[Start of section]

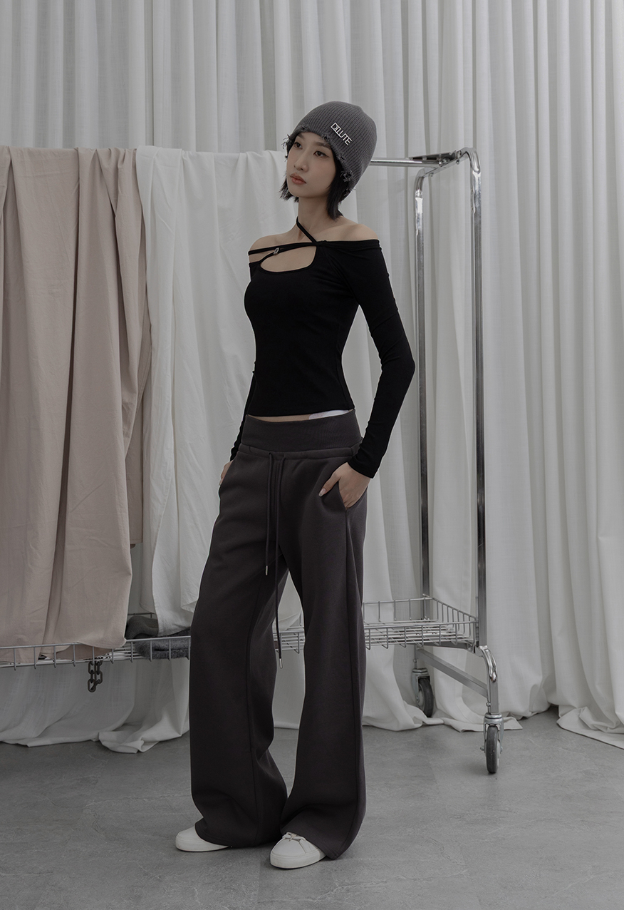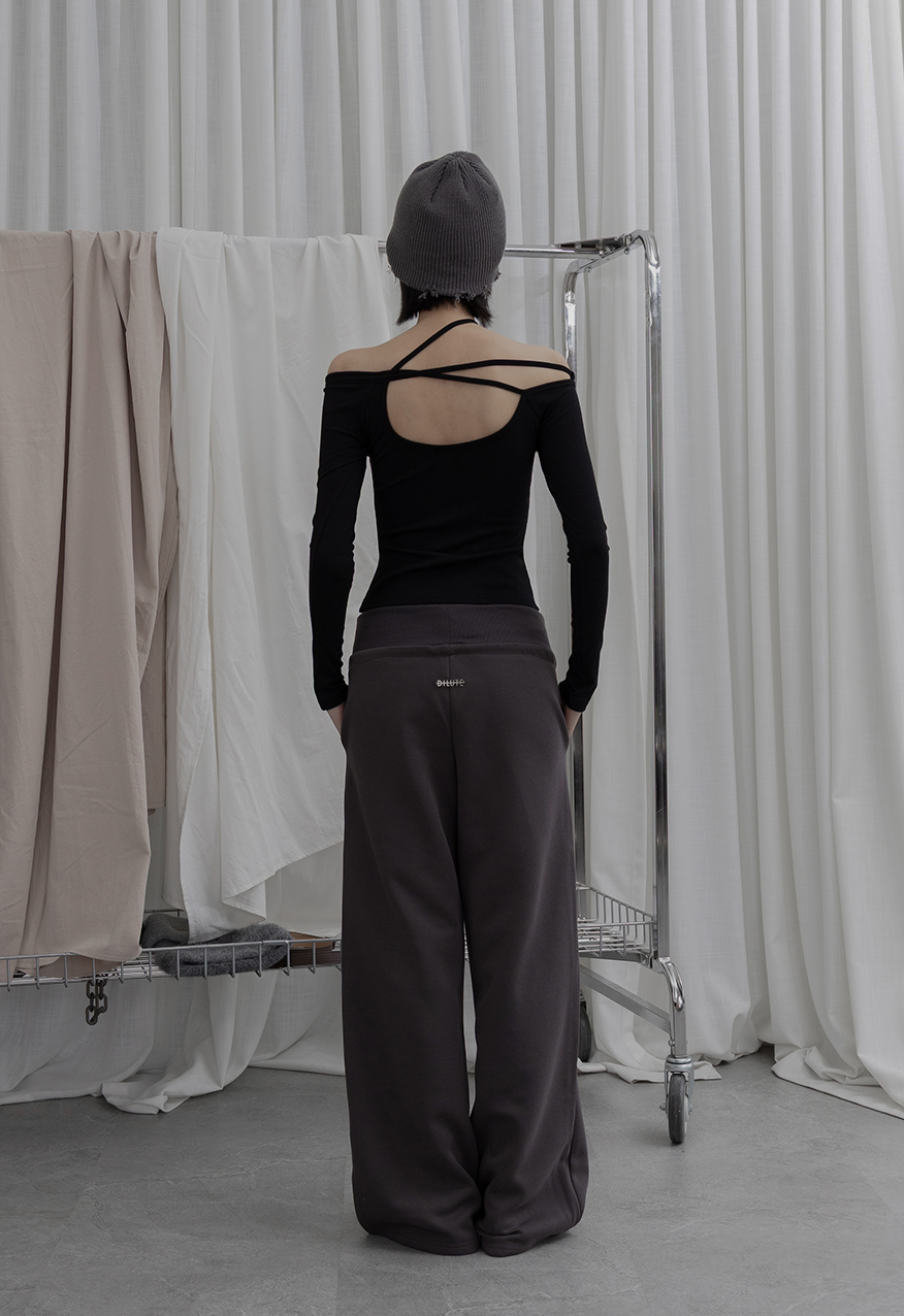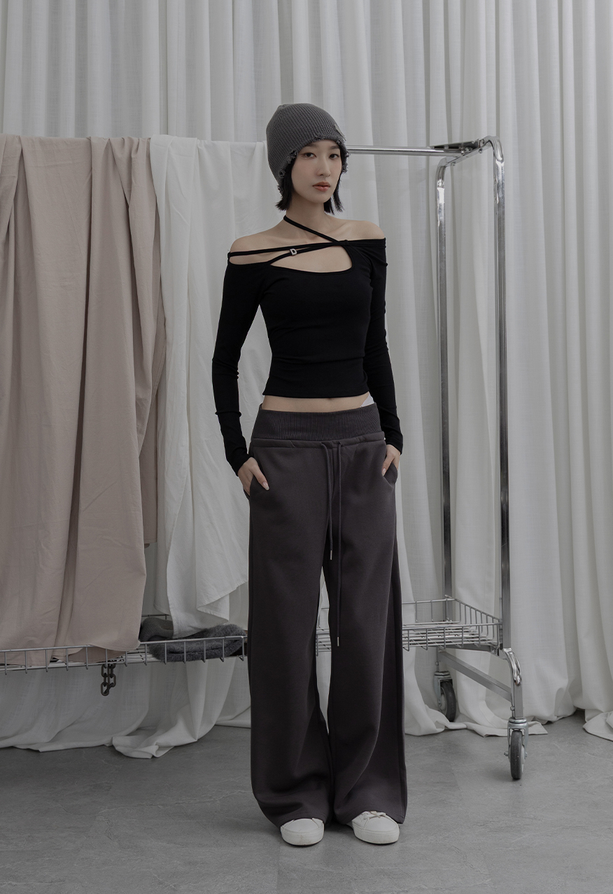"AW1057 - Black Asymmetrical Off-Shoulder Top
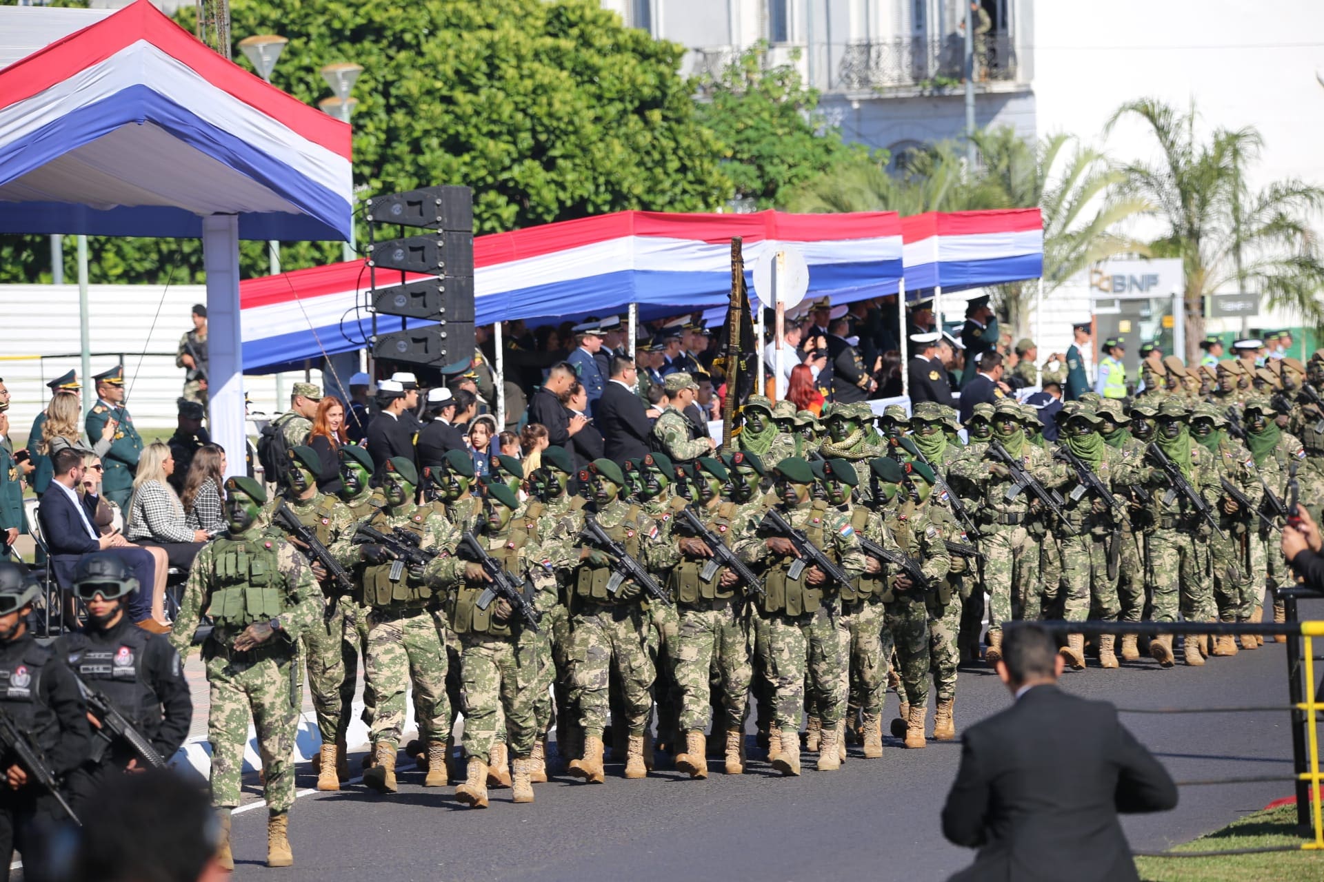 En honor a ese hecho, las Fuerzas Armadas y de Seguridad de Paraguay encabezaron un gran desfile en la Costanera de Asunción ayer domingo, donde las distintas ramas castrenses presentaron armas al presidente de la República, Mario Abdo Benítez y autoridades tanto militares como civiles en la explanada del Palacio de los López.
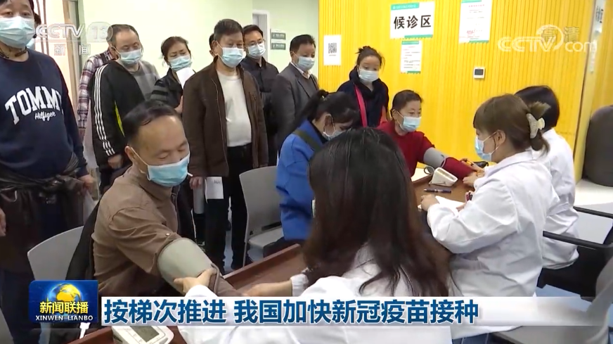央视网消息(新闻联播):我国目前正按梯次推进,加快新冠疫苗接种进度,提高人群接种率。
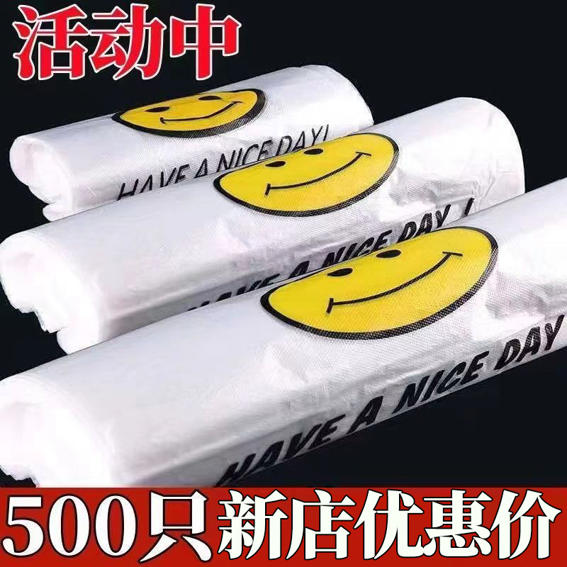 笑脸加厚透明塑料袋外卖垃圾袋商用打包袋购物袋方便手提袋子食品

[End of section]

# Assignment
Without the images, write out each line of the data verbatim.

# Reply to the exercise
"AW1057 - Black Asymmetrical Off-Shoulder Top
 En honor a ese hecho, las Fuerzas Armadas y de Seguridad de Paraguay encabezaron un gran desfile en la Costanera de Asunción ayer domingo, donde las distintas ramas castrenses presentaron armas al presidente de la República, Mario Abdo Benítez y autoridades tanto militares como civiles en la explanada del Palacio de los López.
央视网消息(新闻联播):我国目前正按梯次推进,加快新冠疫苗接种进度,提高人群接种率。
 笑脸加厚透明塑料袋外卖垃圾袋商用打包袋购物袋方便手提袋子食品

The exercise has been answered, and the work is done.